> **Exercise objective**:
Nothing but an exact copy is asked for: the lines in the material below from the one with "Foto Rußland Opotschka" through the one with "серебряный, футляр черный)", pictures excluded.

> **Entries provided**:
....................
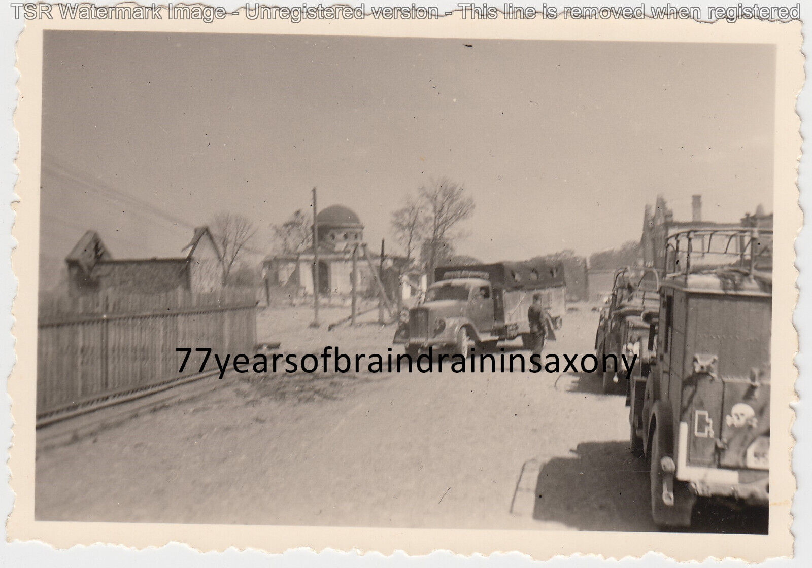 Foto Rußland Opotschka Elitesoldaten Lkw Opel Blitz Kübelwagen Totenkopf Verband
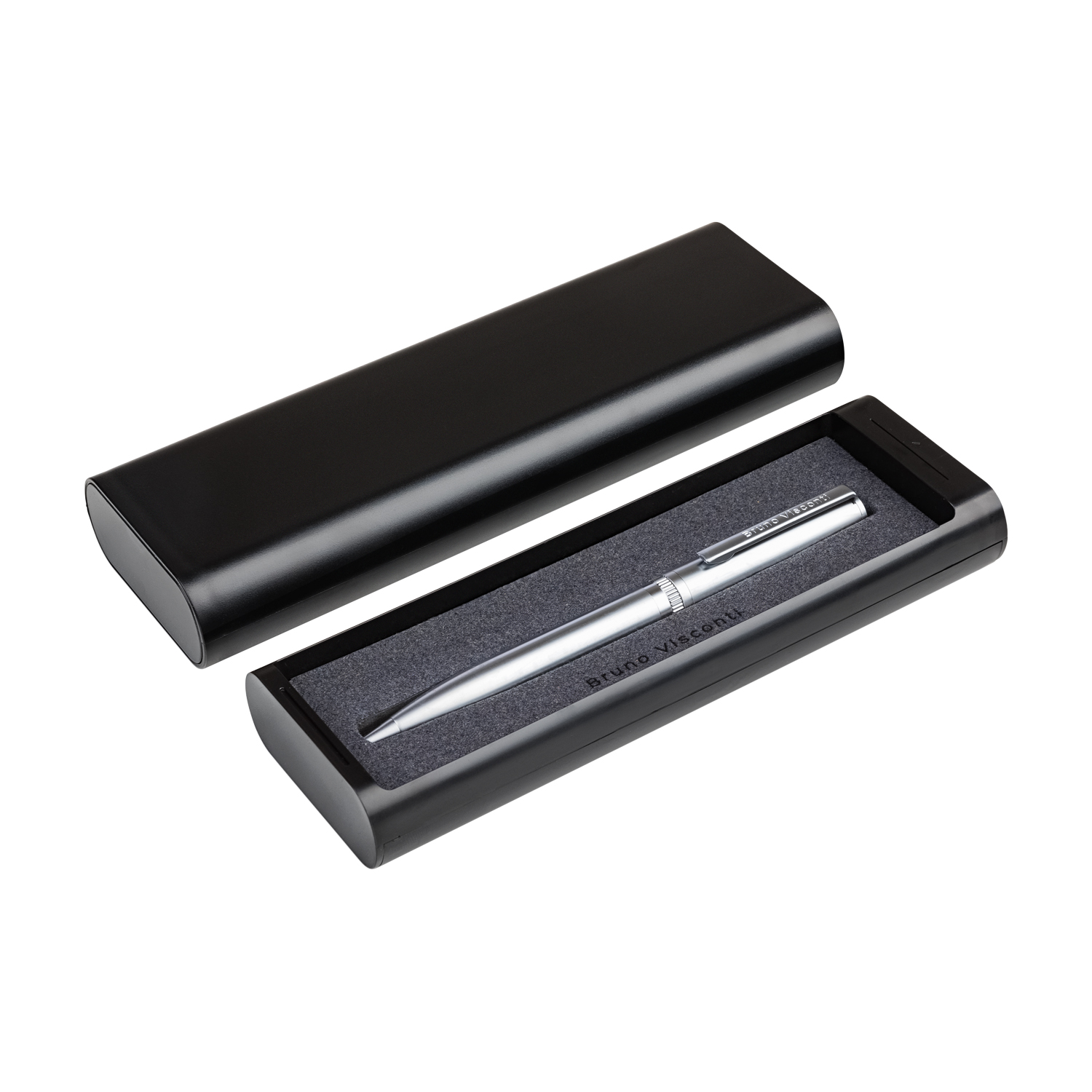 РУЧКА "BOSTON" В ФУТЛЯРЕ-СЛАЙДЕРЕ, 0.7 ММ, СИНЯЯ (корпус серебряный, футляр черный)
....................
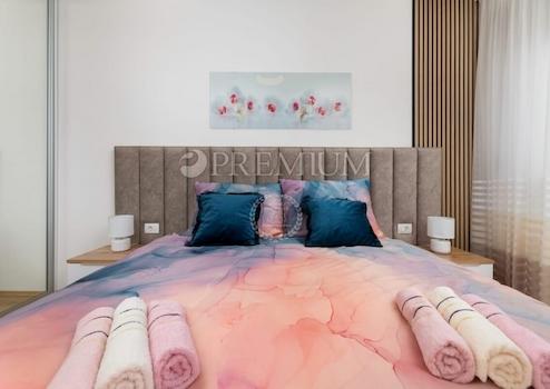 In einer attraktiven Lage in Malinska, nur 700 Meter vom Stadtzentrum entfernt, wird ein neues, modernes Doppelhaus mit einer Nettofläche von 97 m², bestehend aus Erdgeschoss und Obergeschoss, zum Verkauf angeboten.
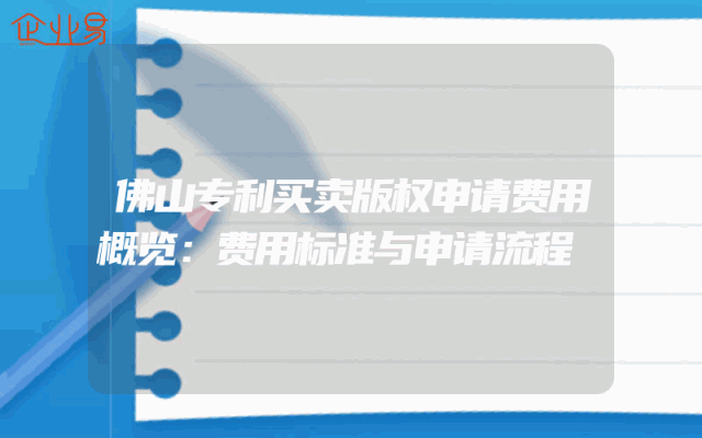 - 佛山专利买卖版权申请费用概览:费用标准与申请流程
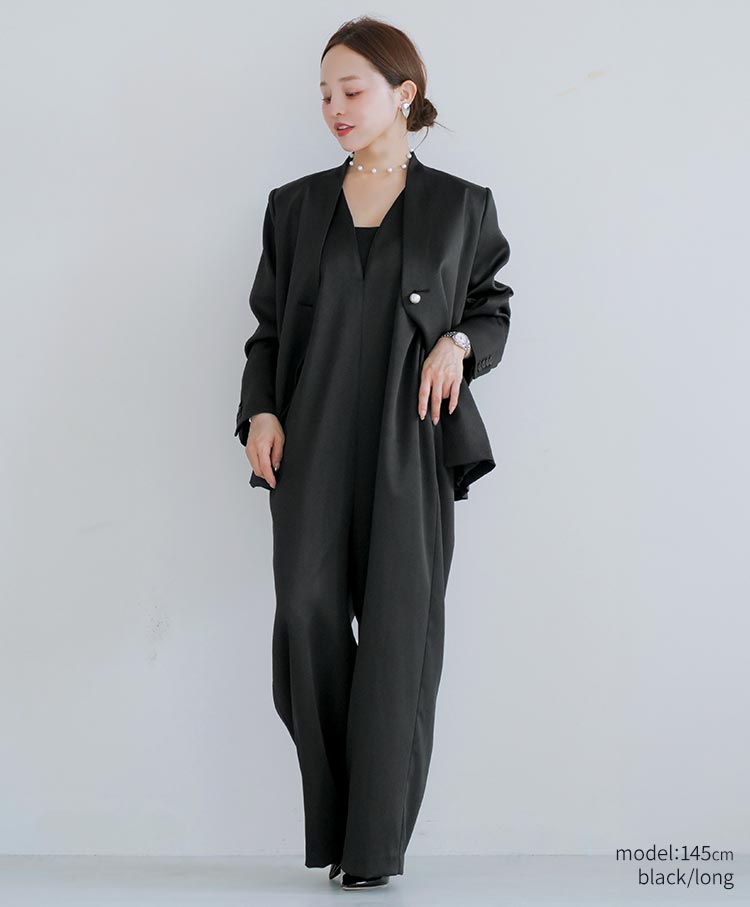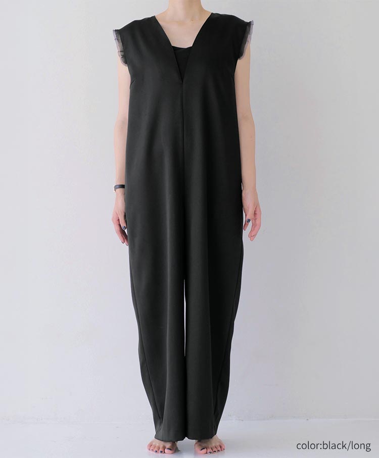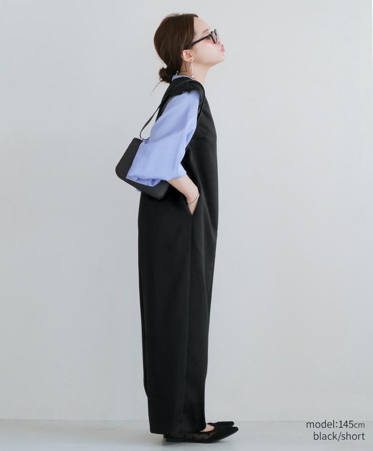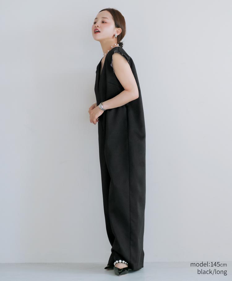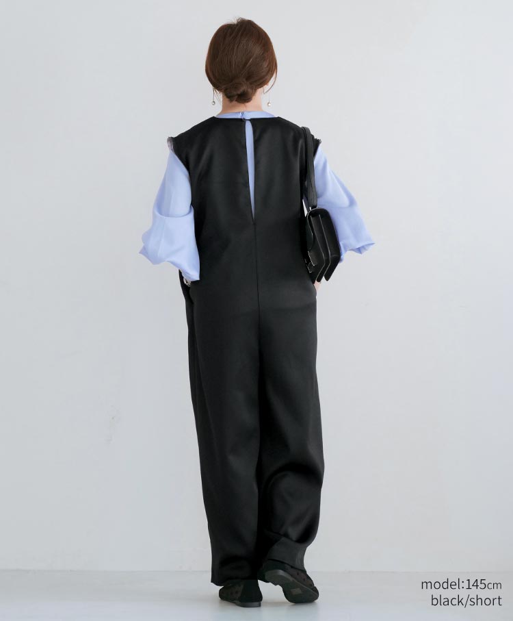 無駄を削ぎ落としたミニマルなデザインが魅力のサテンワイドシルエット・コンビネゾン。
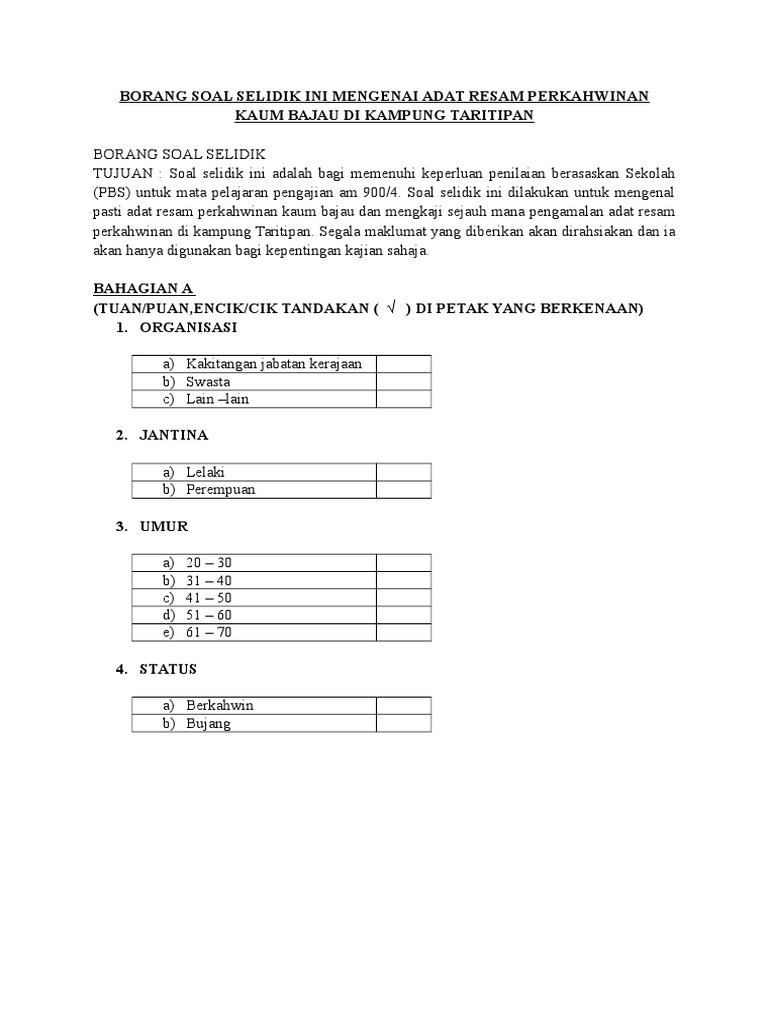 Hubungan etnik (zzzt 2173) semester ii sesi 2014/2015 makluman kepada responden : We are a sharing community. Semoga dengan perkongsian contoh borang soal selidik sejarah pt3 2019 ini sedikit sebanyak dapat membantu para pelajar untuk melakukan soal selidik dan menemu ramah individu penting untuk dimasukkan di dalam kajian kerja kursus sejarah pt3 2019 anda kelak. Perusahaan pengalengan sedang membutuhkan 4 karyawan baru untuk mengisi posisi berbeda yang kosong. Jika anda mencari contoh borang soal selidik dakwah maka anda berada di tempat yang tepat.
....................
> **Solution for this task**:
 Foto Rußland Opotschka Elitesoldaten Lkw Opel Blitz Kübelwagen Totenkopf Verband
 РУЧКА "BOSTON" В ФУТЛЯРЕ-СЛАЙДЕРЕ, 0.7 ММ, СИНЯЯ (корпус серебряный, футляр черный)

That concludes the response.